# Ruined...in a good way.



## ecogeek (Feb 28, 2013)

At 29, I've only ever been with non-FAs. Most of those very long term relationships. I've had the question come up of...well certainly they must have been at least partial FA to have been with you...but I really don't think this is the case. 

The other day I spent time with my first actual FA ever. I really wish I would have known about this years ago. Really. I cannot imagine what it would have been like to be with my husband if he had ever ONCE looked at me the way this guy did. 

Certainly, I cannot be the only chick to only just be discovering this. Most of the girls here talk about how it is hard to be with a non-FA, I can say certain aspects can be just as scary when all you know is a non-FA. To have been filled with years of doubts and hiding in the dark. Then to have one person who wants the opposite and looks at you and treats you like you are beautiful. 

Quite an eye opener for me. I hope these guys realise that this is all very new and somewhat frightening for some of us. I'm all about facing my demons though.


----------



## CaAggieGirl (Feb 28, 2013)

Yes. I met my first FA, that I know of, last year. He had to go slow with the fat love since it was so strange for me. As I became more comfortable with it, I began to enjoy it. It was hard for me to let go of all of the past and what I have been told about my body, but when I did, I noticed the look of sheer pleasure/happiness on his face as he would rub my belly and other fat parts. It was amazing.

Congratulations on your first FA, they are great and I will definitely not forget get mine.


----------



## ecogeek (Feb 28, 2013)

I completely get that. Part of me was mad at myself for not just letting go but the other part of me knows that I will in time. I think I just need to shove myself into the deep end so to speak and get over it.


----------



## CaAggieGirl (Feb 28, 2013)

Just let him know how you feel. Start with parts that you are not as self conscious about and work your way up. Maybe have him say what he admires about that part, so you can understand his thinking and you can see the beauty in the fat.


----------



## gogogal (Feb 28, 2013)

Ecogeek that is aweeesome! While I have never had the pleasure of being with am FA so I can't speak from experience, but I say just let go and throw yourself into it! Tell him to tell you over and over how hot and sexy and beautiful you are and give in to it, baby!
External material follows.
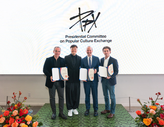 대중문화교류위원회(대중위) 특별위원 위촉식이 29일 열렸다. 왼쪽부터 몬테 립먼 리퍼블릭 레코즈 회장, 박진영 위원장, 프레드 데이비스 레인그룹 파트너 겸 음악 부문 글로벌 공동대표, 제이 펜스케 펜스케 미디어 코퍼레이션 회장 겸 최고경영자. (사진=대중문화교류위원회)

If you've got a man you really like adoring you, well, i say bring it on! Life's too short... Xo.


----------



## gogogal (Feb 28, 2013)

Couple glasses of wine might help too


----------



## ecogeek (Feb 28, 2013)

There was wine involved.  I don't know that the verbal affirmation thing is good for me. Keeps me thinking more than I should. Either way, the whole experience was definitely a nice change. I like having the opportunity to look back and decide what I need to do differently.


----------



## gogogal (Feb 28, 2013)

Long as you enjoy it. It sounds wonderful and hopefully you'll be spending more time with said FA soon


----------



## ecogeek (Mar 2, 2013)

Yah I will be.  You are super gorgeous btw! Number one girl crush for sure! Haha


----------



## gogogal (Mar 3, 2013)

Ecogeek ha that's awesome and thaaaank you! Yay for being girl-crushed on. You just made my day !


----------



## BarterGal (Mar 4, 2013)

Just about a month ago, I met my current boy on a bbw dating site. We live in a small town and I never thought I would meet someone in this town. I did buy an account last summer and when he winked at me, I emailed him back even though he had 2 things on his profile that I wasn't into. 

Divored
Joint Custody

But I decided to go for it it anyway. Turns out he lives 4 blocks away. We emailed all day, phoned that night/texted moving forward and then met 2 days later and spent our first date just freaking out on each other. We had so much in common even though I am white collar/he's blue collar. I found myself falling for this cock rock guy that night (yeah, long hair rocker biker guy!). We ended up spending the night together and in the late morning, I had realized I just spent 18 hours with a guy that totally just likes me for me, he was so into everything about me, never once made me feel he was an FA and was a great lover, all across so many boards (mind, body, heart). 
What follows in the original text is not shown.